* [Exercise] Transcribe word for word each line from the one containing "さつまいもは350g程使用し" to the final line of the data, both included. Skip the pictures.

Saved entries

::::::::

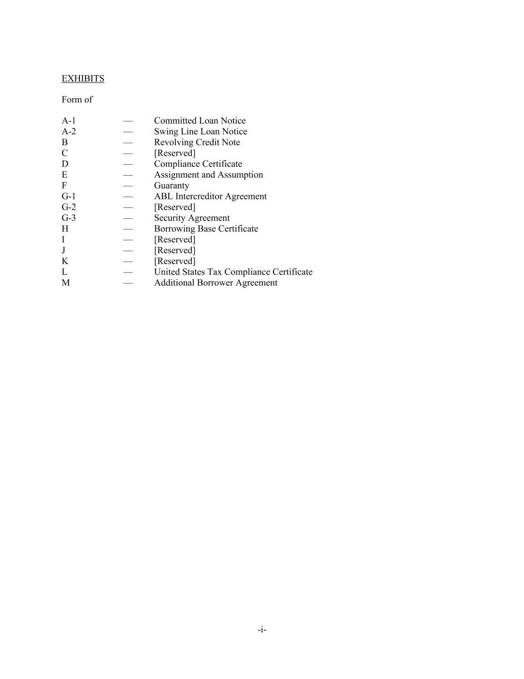 EXHIBITS Form of A-1 — Committed Loan Notice A-2 — Swing Line Loan Notice B — Revolving Credit Note C — [Reserved] D — Compliance Certificate E — Assignment and Assumption F — Guaranty G-1 — ABL Intercreditor Agreement G-2 — [Reserved] G-3 — Security Agreement H — Borrowing Base Certificate I — [Reserved] J — [Reserved] K — [Reserved] L — United States Tax Compliance Certificate M — Additional Borrower Agreement -i-
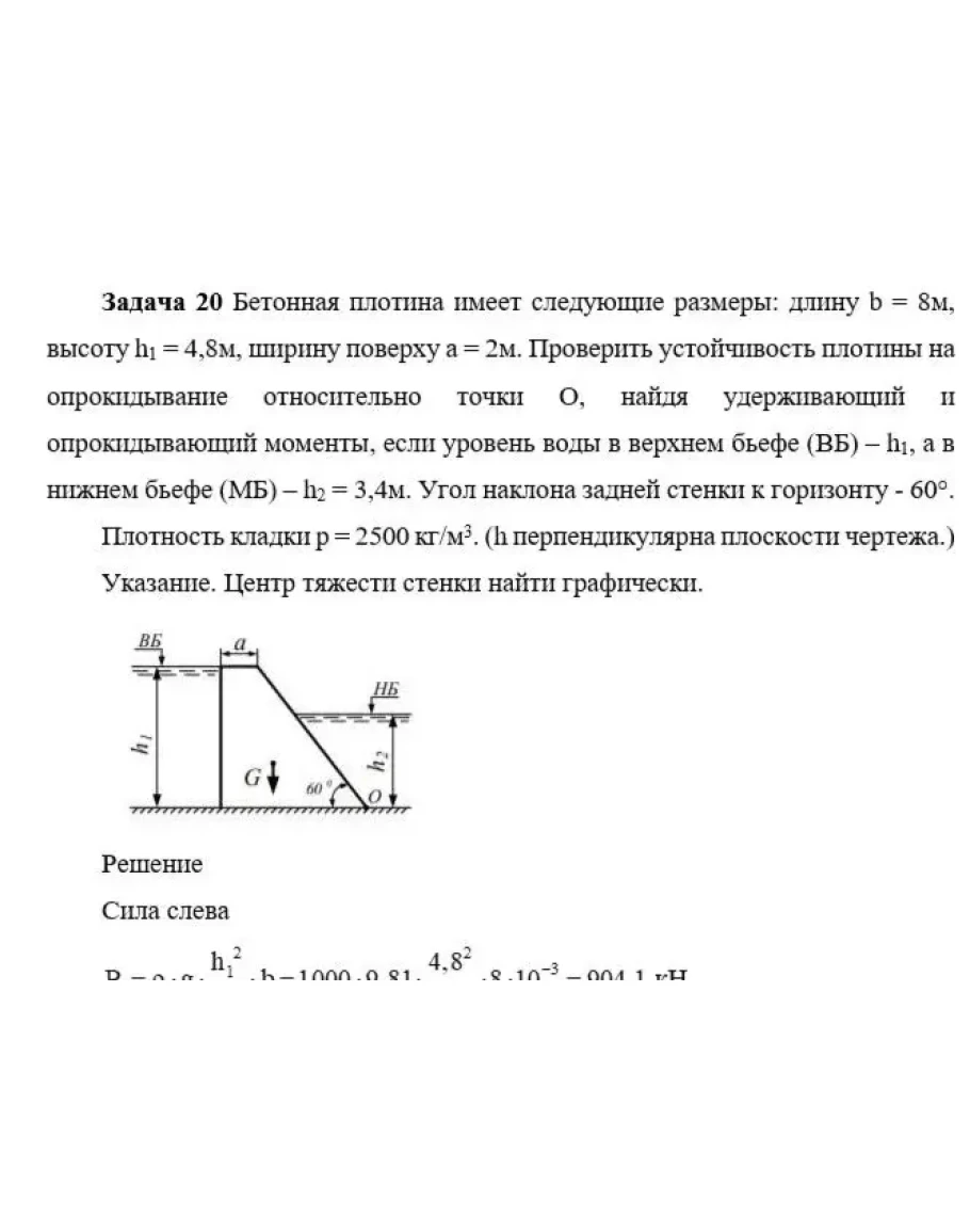 Задача 20 Бетонная плотина имеет следующие раз¬меры: длину b = 8м, высоту h1 = 4,8м, ширину поверху а = 2м. Проверить устойчивость плотины на опрокидывание относительно точки О, найдя удер¬живающий и опрокидывающий моменты, если уровень воды в верхнем бьефе (ВБ) – h1, а в нижнем бьефе (МБ) – h2 = 3,4м. Угол наклона задней стенки к горизонту - 60°.
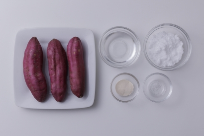 さつまいもは350g程使用し、2cm位の厚さに輪切りにして皮を厚めにむきます。切ったものは水にさらします。
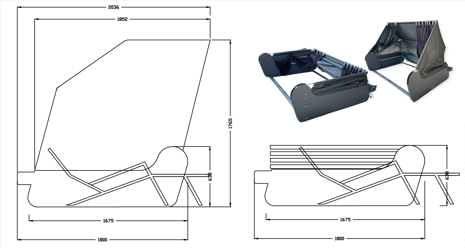 İç mekân genişliği sayesinde çift kişilik şezlong, yatak, masa ve sandalye gibi farklı eşyalar rahatlıkla yerleştirilebilir.
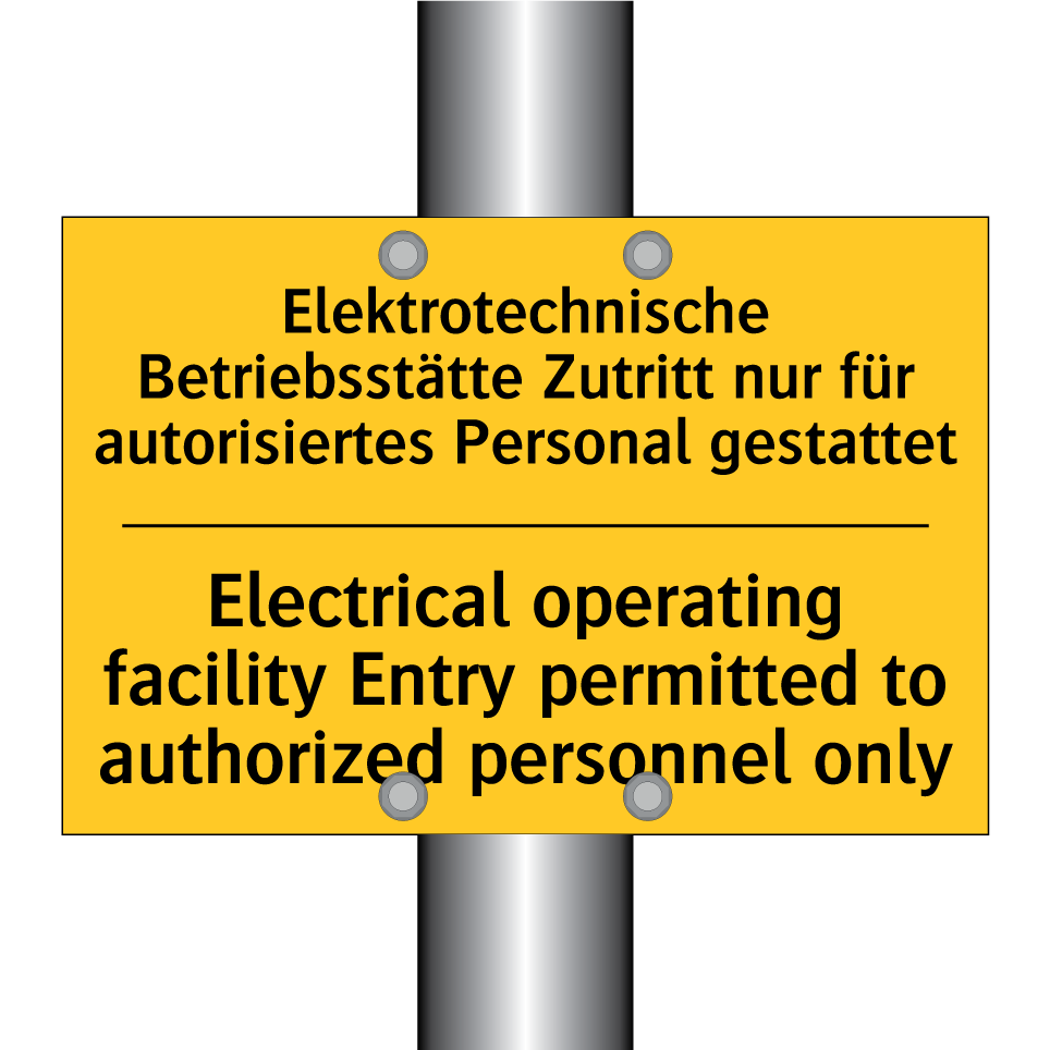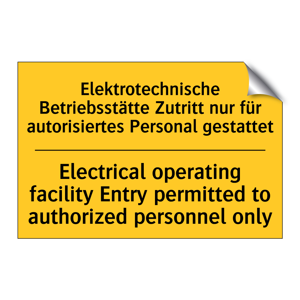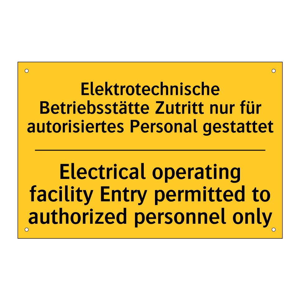 Zweisprachiges Warnschild mit deutschem Text Elektrotechnische Betriebsstätte Zutritt nur für autorisiertes Personal gestattet und englischem Text Electrical operating facility Entry permitted to authorized personnel only

::::::::

* [Exercise answer]
 さつまいもは350g程使用し、2cm位の厚さに輪切りにして皮を厚めにむきます。切ったものは水にさらします。
 İç mekân genişliği sayesinde çift kişilik şezlong, yatak, masa ve sandalye gibi farklı eşyalar rahatlıkla yerleştirilebilir.
 Zweisprachiges Warnschild mit deutschem Text Elektrotechnische Betriebsstätte Zutritt nur für autorisiertes Personal gestattet und englischem Text Electrical operating facility Entry permitted to authorized personnel only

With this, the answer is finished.